BCM-YOLO: An improved YOLOv8-based lightweight porcelain insulator defect detection model

Abstract

Porcelain insulator is an important component of power transmission systems, and its condition detection is essential to ensure safe operation of the power grid. Nevertheless, it is difficult for existing detection models to effectively solve the contradiction between detection accuracy and resource consumption. To address this issue, a high-precision lightweight insulator defect detection model (BCM-YOLO) based on an improved YOLOv8 is proposed. Firstly, bidirectional feature pyramid network (BiFPN), with a simplified bidirectional information flow mechanism, is employed to replace the path aggregation network with feature pyramid network in YOLOv8 to alter the feature fusion mode, thereby reducing the model size. Secondly, a cross-stage partial Bottleneck with 2 convolutions partially replaced by a context-guided block (C2f_CG) structure with parameter sharing is designed using the improved context-guided block to optimise the cross-stage partial Bottleneck with 2 convolutions (C2f) modules, thus further decreasing the number of model parameters. Finally, multiscale dilated attention is introduced into the BiFPN network to enhance the perception ability of different scales of features to improve the detection performance.

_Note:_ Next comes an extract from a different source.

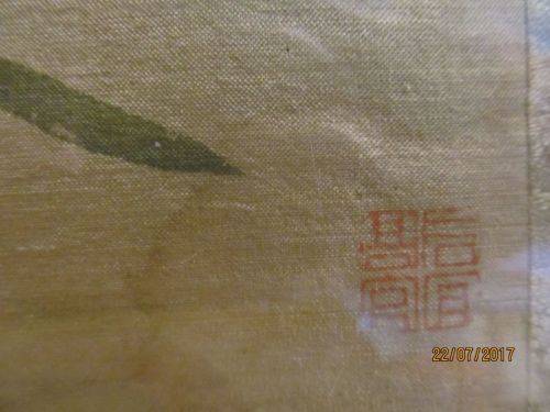 CONDITION : THE SILK, PAINTING AND FRAME ARE IN PERFECT CONDITION WITH NO CRACKS, CHIPS, DAMAGES OR RIPS

Experimental results indicate that compared to YOLOv8s, the BCM-YOLO model reduces the number of parameters by 50.5%, lowers floating-point operations by 31.3% and increases mean average precision at intersection over union = 0.5 (mAP0.5) by 2.8%. The proposed model not only improves detection accuracy but also decreases parameter counts, making it more suitable for deployment on edge devices.